Note: ZCTA shapefiles from 2010, which were used in place of ZIP codes and are only updated once every 10 years, can contain holes in physical space covered. This is why there are several small spots in the map above that appear black but are surrounded by SPAI or SPAR values. There is a comment about this under “Key Differences […]” on this page.

6. Details to consider

The enhanced two-step floating catchment area analysis is a useful way to quantify spatial access to healthcare providers. However, there are several details that can be modified during the calculations that can have a big impact on the final results.

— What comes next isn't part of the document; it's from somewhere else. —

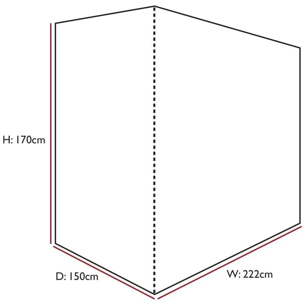 - SPECIFICATIONS – Size: W: 222cm x H: 170cm x D: 150cm. Colour: Black. Material: PVC backed woven polyester. Weight: 5.6kg
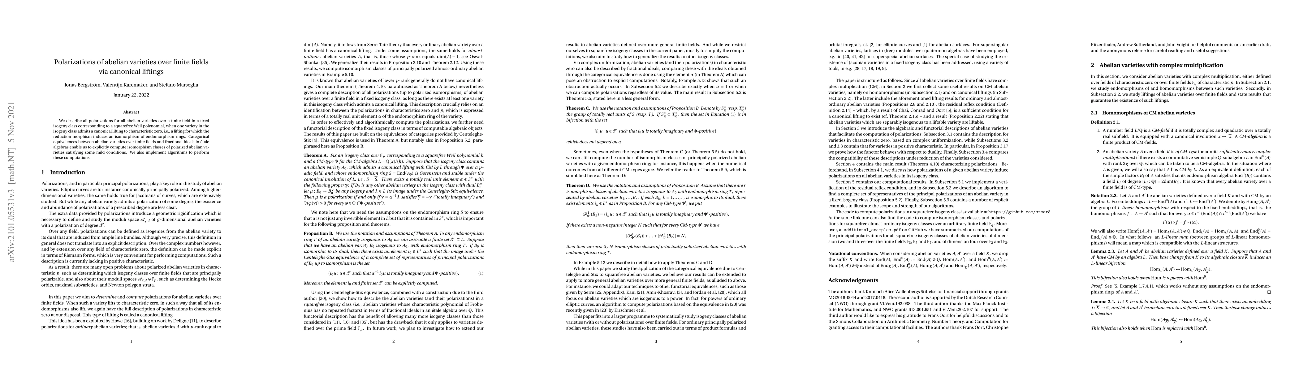 This paper characterizes all polarizations of abelian varieties over finite fields within a fixed isogeny class, given that one variety has a canonical lifting to characteristic zero. It leverages categorical equivalences and fractional ideals to compute these polarizations and provides algorithms for the computations.

Decisions on these choices should be made with an informed understanding of how the relationship between that specific type of healthcare provider and the specific population in the study interact with each other. This information should be useful for determinig how big of a catchment area is used, how many subzones are in the catchment area, what the time ranges of each subzone are, and how weights are determined for calculating SPAI. These choices can have a meaningful impact on the final results, so they should be based on an understanding of the scenario being measured.